- _Assigned task_:
Restate word for word each line from the one containing "GRČKA 5000 DRAHMI 1943" through the end of the material, and nothing more. Drop every picture.

- _Input data_:
BEGIN

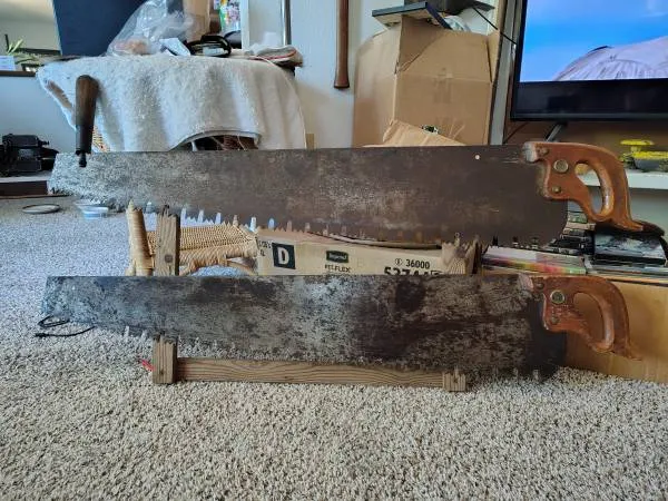 A pair of vintage new crosscut saw handles 40.00 call 971-431-9466.
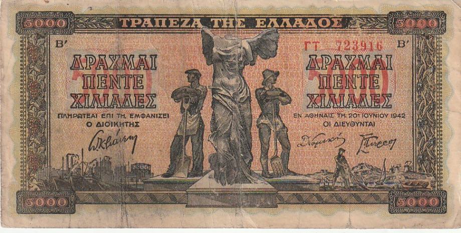 GRČKA 5000 DRAHMI 1943
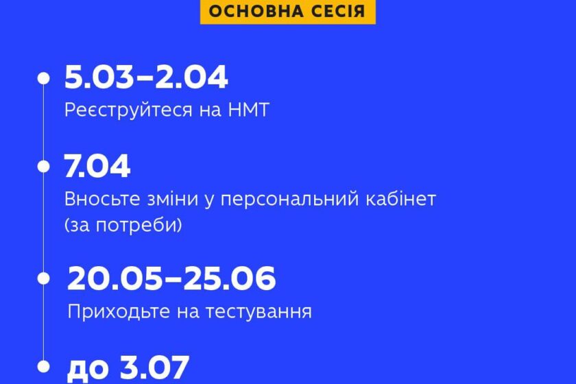 З 5 березня до 2 квітня 2026 року триватиме основний період реєстрації осіб, які мають намір узяти участь у національному мультипредметному тесті (НМТ). Порядок реєстрації визначено на відповідному порталі https://testportal.gov.ua/protsedura-reyestratsiyi-2026/ […]

END

- _Written solution_:
 GRČKA 5000 DRAHMI 1943
 З 5 березня до 2 квітня 2026 року триватиме основний період реєстрації осіб, які мають намір узяти участь у національному мультипредметному тесті (НМТ). Порядок реєстрації визначено на відповідному порталі https://testportal.gov.ua/protsedura-reyestratsiyi-2026/ […]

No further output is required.